How 'grand' is my Grand Bal sample?! |
Then there was my super tall grande(!) Dior sample of Grand Bal, which should have been a gift with purchase, but which the SA in a branch of Dior in Paris gave me for no good reason at all, other than that I complimented her on her Swarovski crystal-encrusted lips. And this despite the apparent clamp down on even the 4ml Dior pots. Then in Germany once, in a small niche perfumery in Wasserburg, the assistant showered me with a fistful of carded samples, plus a large mini of Micallef Hiver, and that was just for shooting the breeze with her. So there are still some great instances of unprovoked generosity, which as I say remains positively systemic within Hermès. ;-)
Micallef mini bag - you'll have to imagine the bottle! |
But the problem with large samples is that you may never need to buy a bottle, for if you have a few of those 4ml-ers away they will quickly accumulate to nearly 15ml, the size many perfumistas agree is the ideal for a 'full bottle'. I have just bought a bottle of En Voyage Perfumes' Zelda, for example, which is of that order I think.
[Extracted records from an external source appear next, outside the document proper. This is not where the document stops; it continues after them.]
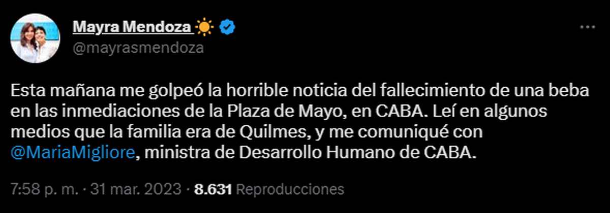 La intendenta de Quilmes, Mayra Mendoza, salió a aclarar que el padre y la madre de la beba que murió este viernes en inmediaciones de la Casa Rosada "no residen" en dicho municipio, y así cuestionó "la intencionalidad de ciertos medios de endilgarle la responsabilidad a esta gestión, con el objetivo de proteger otras".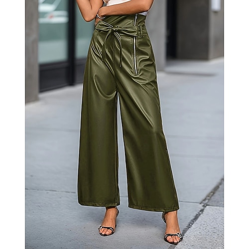Per donna Gamba larga Pantaloni Eleganti Moda Lavoro Lunghezza intera Naturale Semplice Cerniera All'aperto Confortevole Formale Ufficio / Carriera Grigio scuro Vinaccia Aalbicocca Grigio Autunno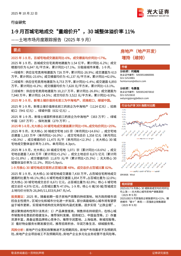 【光大证券】【202509】1-9月百城宅地成交“量缩价升”,30城整体溢价率 11%——土地市场月度跟踪报告(2025年 9月)-16页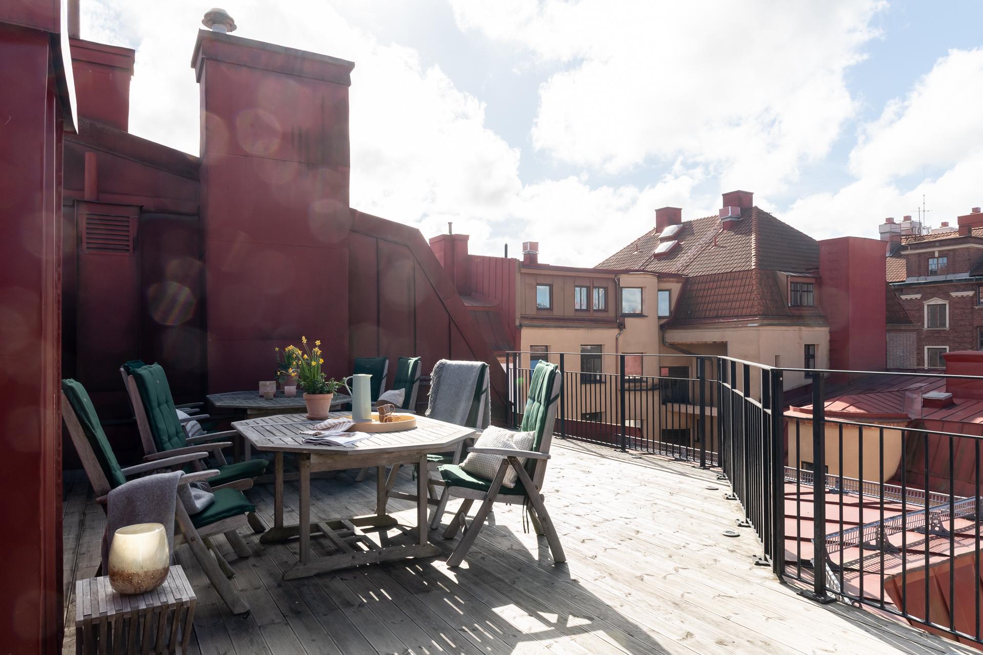 - Balkong/Uteplats: Ja. Utöver balkong också gemensam takterrass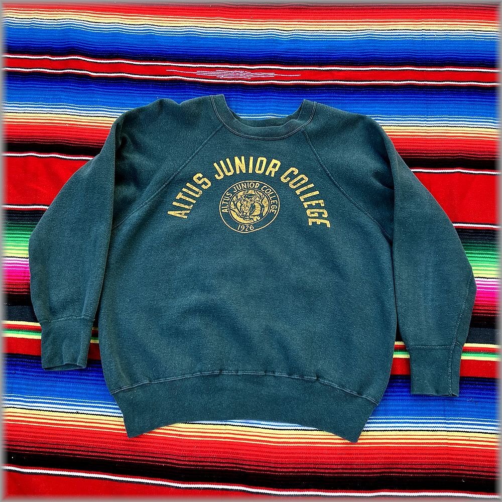 ★CHAMPION チャンピオン 60s ランタグ ビンテージ スウェット ALTUS JUNIOR COLLEGE size L 緑色★ トレーナー カレッジ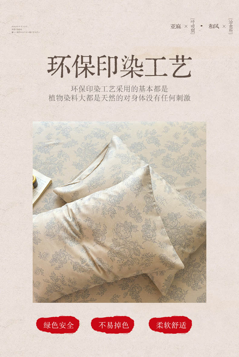 (总)春皖家纺 2026春夏新款棉麻老粗布系列单枕套 枕套单件,丹青,蝶影,琉璃,墨香,浅蔓,柔结,雾花,樱落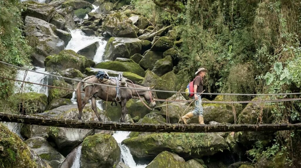 Black bean Caribbean stew, smoked pulled jackfruit, fried plantain, white rice, mojito de cilantro.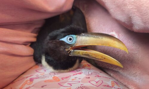 Jeune Araçari Pteroglossus Castanotis (de la famille des Toucans, taille moyenne) de 9 semaines, Élevé à la main depuis mes 15 jours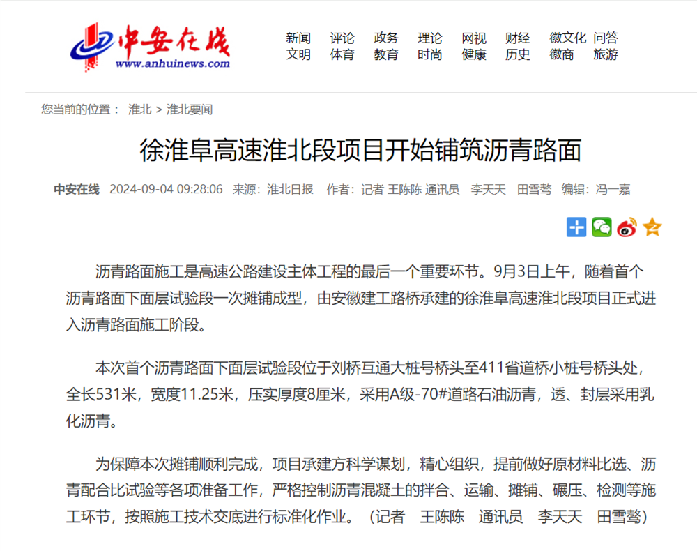 瀝青路面施工是高速公路建設主體工程的最后一個重要環(huán)節(jié)。9月3日上午,隨著首個瀝青路面下面層試驗段一次攤鋪成型,由安徽建工路橋承建的徐淮阜高速淮北段項目正式進入瀝青路面施工階段。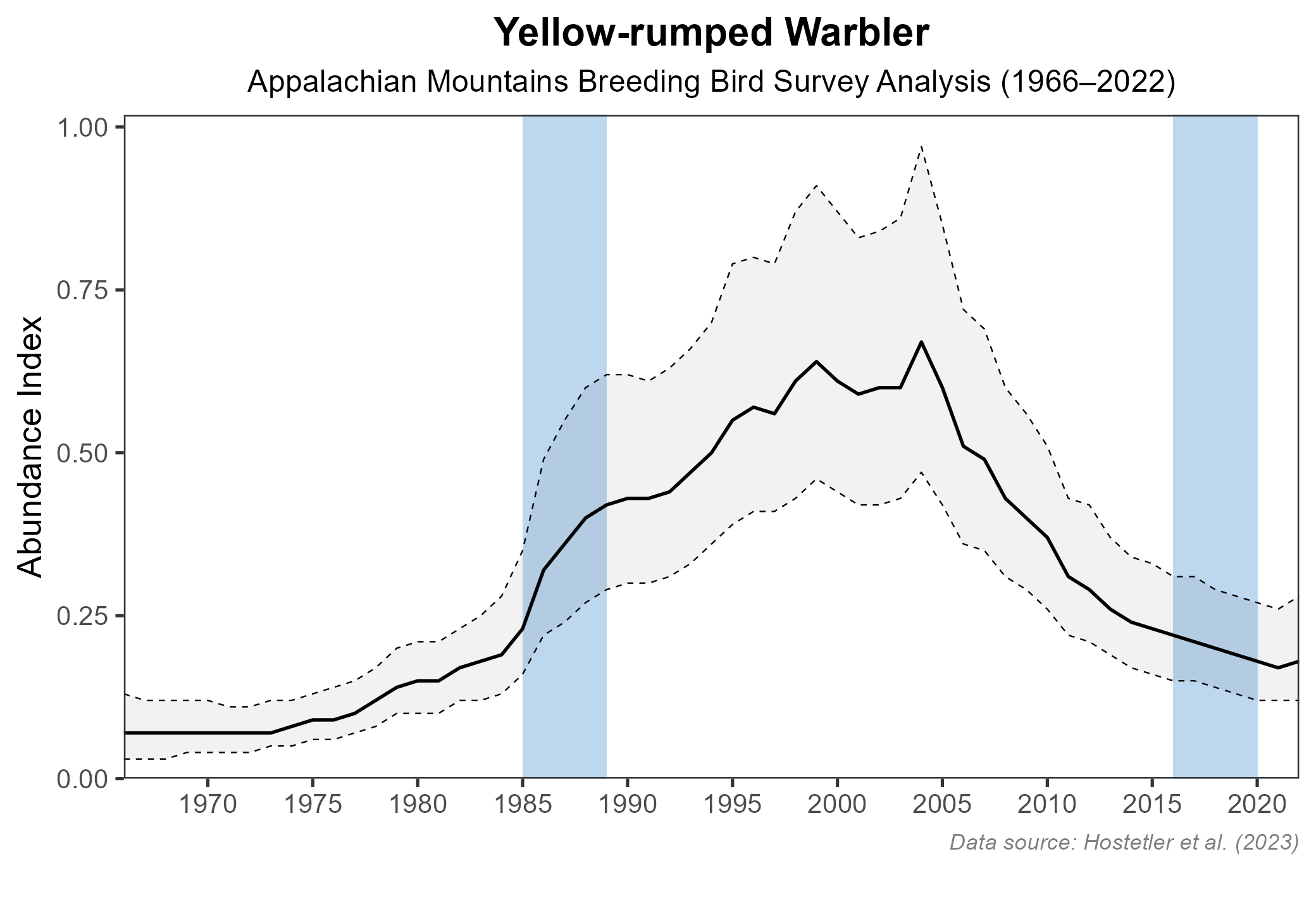 Figure 4: Yellow-rumped Warbler population trend for the Appalachian Mountain region as estimated by the North American Breeding Bird Survey. The vertical axis shows species abundance; the horizontal axis shows the year. The solid line indicates the estimated population trend; there is a 97.5% probability that the true population trend falls between the dashed lines. The shaded bars indicate the First and Second Atlas periods.

So Hermès may be shooting themselves in the foot there, and Dior too, though they seem to have caught themselves on now pretty much.
So I would be interested to hear about your experiences in terms of sample scoring...specifically:
Are manufacturers' samples becoming more scarce generally?
Is a 4ml sample too generous for the brand's own good?
Are you also a wee bit sheepish about your own sample scoring forays?